In our project, we investigate GAN inversion and controlled image creation through StyleGAN and Stable Diffusion models. Utilizing StyleGAN, we input scribbles and apply both perceptual and L1 losses to align the guide image with the output image, optimizing the latent code in the process. In the case of Stable Diffusion, we initiate the denoising procedure using a noisy image guide as the starting latent.
Perceptual Loss Weight = 0 | Perceptual Loss Weight = 0.001 | Perceptual Loss Weight = 0.01 | Perceptual Loss Weight = 0.05 | Perceptual Loss Weight = 0.1 | Perceptual Loss Only |
---|---|---|---|---|---|
![]() |
![]() |
![]() |
![]() |
![]() |
![]() |
In our experiments, we adjusted the weights for L1 and perceptual losses, as well as for L2 regularization on delta. The perceptual loss is calculated using the L2 distance of the conv_5 features. We optimized all latents across 5000 iterations utilizing the L-BFGS method.
Utilizing only L1 loss results in blurry images because this loss averages across all pixels and is less effective at penalizing local discrepancies. Relying solely on perceptual loss yields slightly inferior details, such as in the upper right corner of images, because the convolutional features employed may not fully capture every detail.
Increasing the perceptual loss weight leads to subtle changes; weights of either 0.001 or 0.01 appear to produce satisfactory outcomes.
L2 Regularization Weight = 0 | L2 Regularization Weight = 0.001 | L2 Regularization Weight = 0.01 | L2 Regularization Weight = 0.1 | L2 Regularization Weight = 1 |
---|---|---|---|---|
![]() |
![]() |
![]() |
![]() |
![]() |
We implemented L2 regularization by penalizing the L2 norm of delta, averaged across the batch and ws dimensions when using w+ latents. With intense regularization, for instance with a weight of 1, delta approaches zero, resulting in an image that closely resembles the one produced using the initial latents. Conversely, smaller weights, such as 0.001, yield results akin to those without any regularization, whereas larger weights generally cause the image details to become blurrier.
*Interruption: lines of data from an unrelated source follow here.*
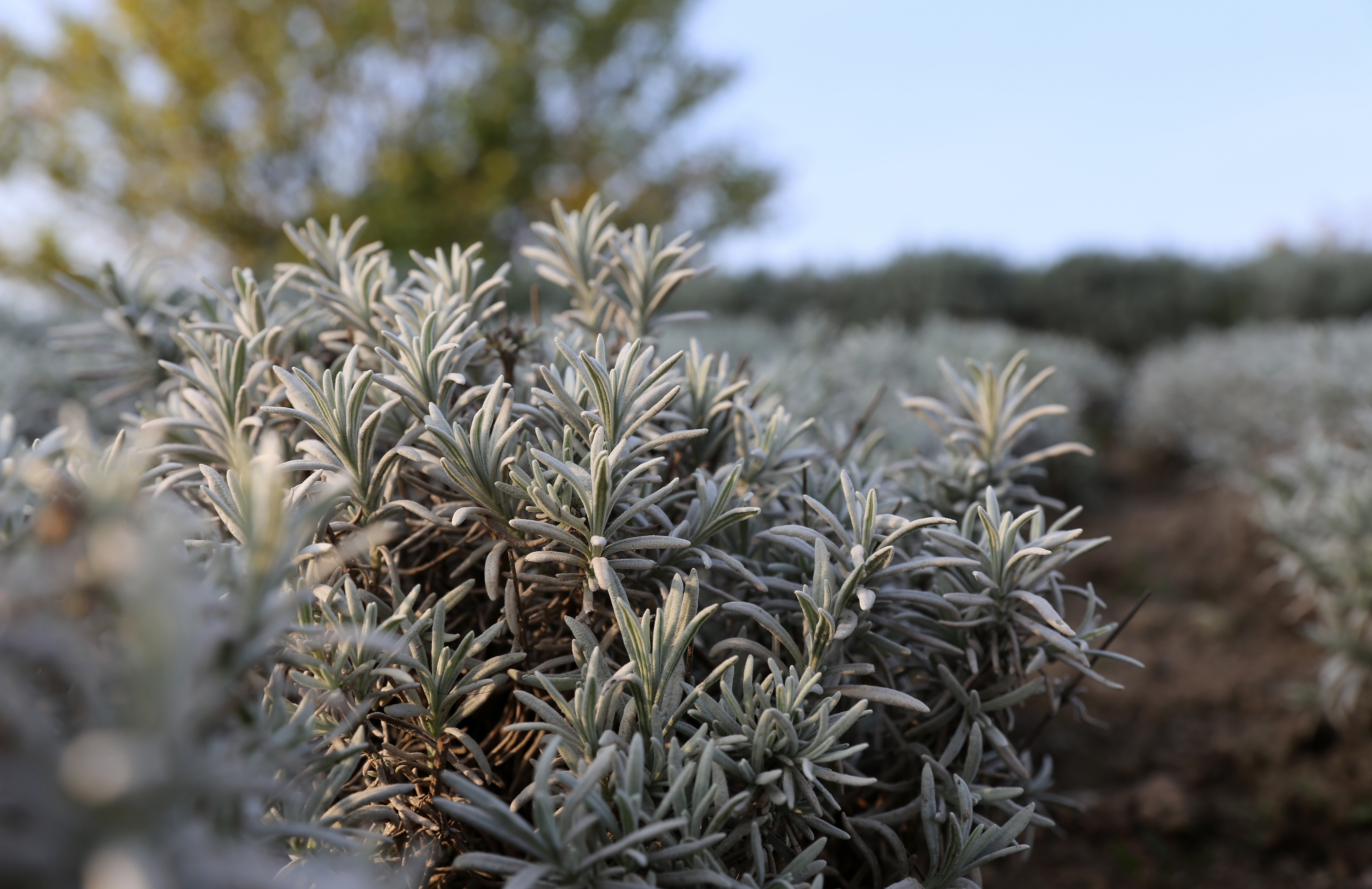 Lavandula lanata ("Silver Frost") at Blumengärten Hirschstetten in Vienna, Austria.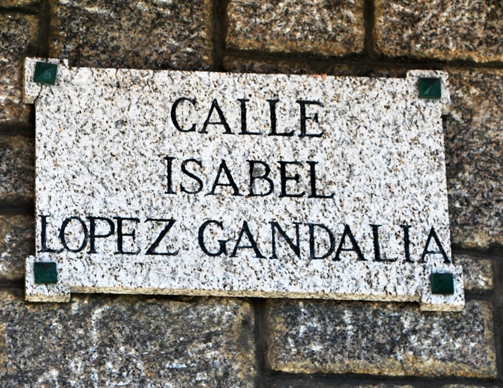 Rua Isabel Zendal Gómez in Casa da A CoruñaGalego: Praca da rúa adicada a Isabel Zendal Gómez na Coruña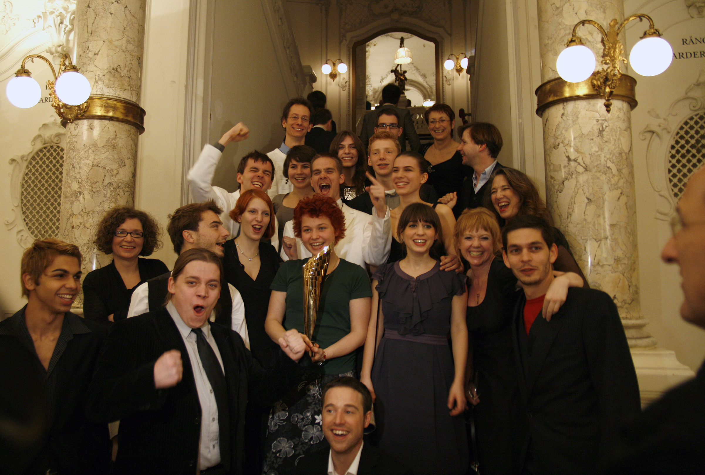 New Space Company and Dschungel Wien with Volker Schmidt, winners of the Nestroy-Theaterpreis 2008 in the category 'Best Off-Theatre Production' (Etablissement Ronacher, Vienna).

Original Image | Vanilla GAN | StyleGAN(w+) |
---|---|---|
![]() |
![]() |
![]() |
Compared to StyleGAN, Vanilla GAN delivers significantly poorer reconstruction outcomes. This discrepancy likely stems from the generator's limited capability, as well as the fact that the manifold of generated images by Vanilla GAN is closer to the real image manifold than that of StyleGAN.
Original Image | StyleGAN with z | StyleGAN with w | StyleGAN with w+ |
---|---|---|---|
![]() |
![]() |
![]() |
![]() |
The use of the z latent space in StyleGAN makes optimization more challenging, as it requires backpropagating gradients through an additional mapping network, resulting in reconstructed images that are closer to the initial rather than the input image. Switching to w or w+ latent spaces significantly enhances outcomes, with w+ providing superior detail and background due to its greater expressiveness and optimization flexibility.
Employing mean initialization aids the z space latents, likely because it reduces the expected distance between the mean and optimal latents. For w and w+ spaces, mean and random initializations yield similar results due to the comparatively easier optimization.
Ultimately, we opt for StyleGAN with w+ latents, a perceptual loss weight of 0.01 on the conv_5 layer, and an L1 loss weight of 10, foregoing L2 regularization for subsequent experiments.
Sketch 1 | Sketch 2 | Sketch 3 |
---|---|---|
![]() |
![]() |
![]() |
![]() |
![]() |
![]() |
The outcomes suggest that denser scribbles with filled-in colors enhance the quality of generated images, particularly the facial details. Conversely, sparse scribbles around the silhouette of a cat often yield darker and less detailed facial regions. This may occur because the latents that govern these unmasked areas are not directly supervised with guiding scribbles but are instead indirectly influenced during the optimization of masked regions. Consequently, these latents might overfit to the masked losses and produce less realistic outcomes in the unmasked areas.
Additionally, using less natural colors for the scribbles can result in severe overfitting and unrealistic outcomes when optimized over many iterations. In contrast, natural colors that align with the actual image distribution typically do not exhibit this problem. This issue may arise because the latents for images with unnatural colors gradually deviate from the real (training) image manifold, leading the generator to fail in producing realistic images.
T=500; Strength=10 | T=700; Strength=10 | T=1000; Strength=10 |
---|---|---|
![]() |
![]() |
![]() |
T=700; Strength=5 | T=700; Strength=10 | T=700; Strength=20 |
![]() |
![]() |
![]() |
As observed, increasing the timestep, and consequently the added noise, helps the results adhere more closely to the text prompt, though at the expense of deviating from the user's sketch. Elevating the guidance strength compels the model to produce images with enhanced detail and greater fidelity to the text prompt. However, this approach carries the risk of biasing the model towards certain features or patterns that it strongly associates with the text.